This is continued from Part 1, posted previously.
I mentioned earlier that the services layer is where we’ve seen the most work happen in mobile ministry. Part of that is because of the maturity of that layer, the accessibility of that layer due to (simply) the existence of the Internet, and the (usually) generous offering of compatible APIs between services and some families of devices. This allows the ministry/organization/individual developer to focus on making sure things plug together neatly, and they can put more energy towards the experience that is to be gained from using their application.
But what if you want to focus on the device layer? What are you in for? Let’s just look at a few device platforms that you could support:
- iOS (Apple)
- RIM (BlackBerry 5, 6, and 7)
- Android (1.6, 2.1, 2.2, 3 (Honeycomb), and now Ice Cream Sandwich which has no version number and spans several device form factors both mobile and not)
- Windows (WM 6, 6.5, Phone 7, and Phone 7.5)
- Nokia (S40, S60 Feature Pack 2, Symbian^1, Symbian 3, Qt 4.5)
- Brew (incompatibilities across carriers)
- HP (WebOS 2, 2.1)
- Samsung (Bada, Bada 2)
- And several mobile devices which use proprietary OSes that cannot be developed for directly, but are sometimes enabled on the carrier-level for some services (see the graphic in this Vision Mobile article for details)
And that’s just what I could name off the top of my head.
You can’t focus on the “mobile = devices” meme. You can’t even let that maintain more than 1/3 of your thoughts on mobile. When you do, what happens is that you start to make smaller the addressable persons who would be able to successfully utilize produced content, or even enable them to produce content for themselves.
Let’s say that you want to focus on the services layer. What are you in for here? A small list again:
- HTML (4 and 5; devices support different and mismatching pieces of these)
- SMS (MMS, shortcodes, carrier-specific rules, analytics that matter, etc.)
- APIs to default applications (requires platform-specific SDK)

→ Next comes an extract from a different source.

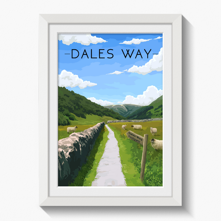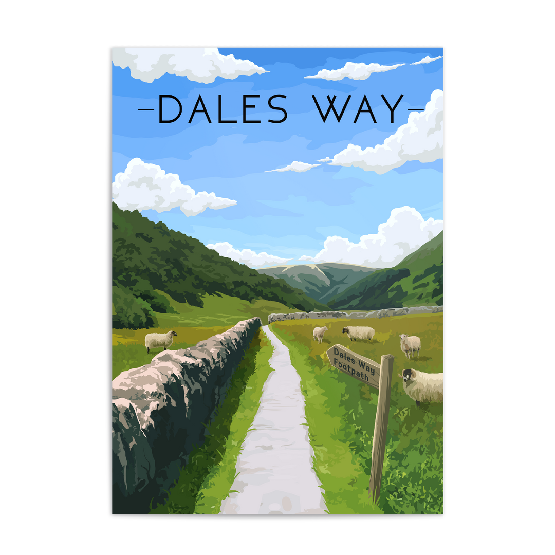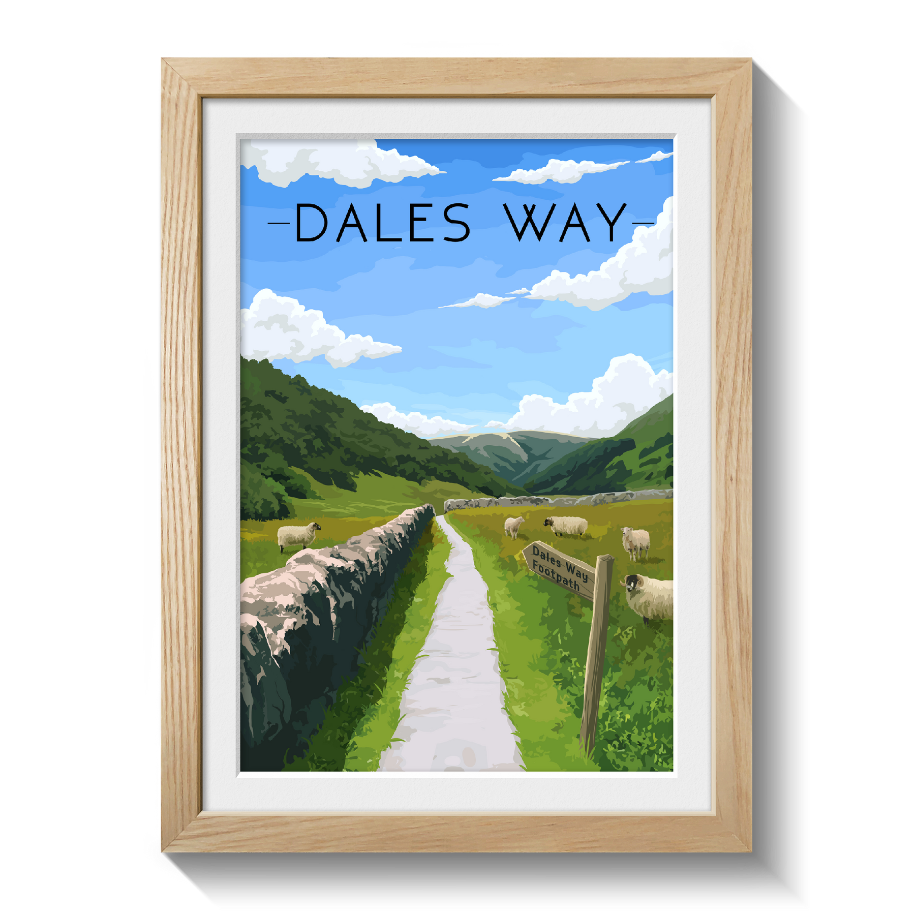 This original print features the famous Dales Way hiking trail that runs 80 miles from Ilkley to Bowness on Windermere, passing through two National Parks, the Yorkshire Dales and the Lake District.

- APIs to web services such as Facebook, Twitter, etc. (read the terms of service for what you are able to access and what compromises you or consumers might have with these).
- Content Management Systems
Again, just a few pieces. But you can’t just say “go SMS” and not also be cognizant of the fact that SMS broadcasting rules are different in various countries/carriers. You also need to be able to scope carefully what your entire workflow will be for that communication from the creation of the message, to what happens with the data about that consumer, to expectations for them and your organization.
I’d go into experiences, but you might be getting it now – you can’t just think about mobile as some isolated channel. It isn’t isolated, and the entire mobile definition is predicated on the synergy of devices, services, and experiences.
The potential of mobile is that there are 5.3 billion accessible persons who can be touched in some way by a carrier of the Gospel. The realistic assessment is a lot smaller, and requires more than just a passion for the theological command. Our passions also have to account for the ability to get to the message in an accessible manner. That’s more than a device. And ultimately, it requires us getting on a deeper level than the channel itself.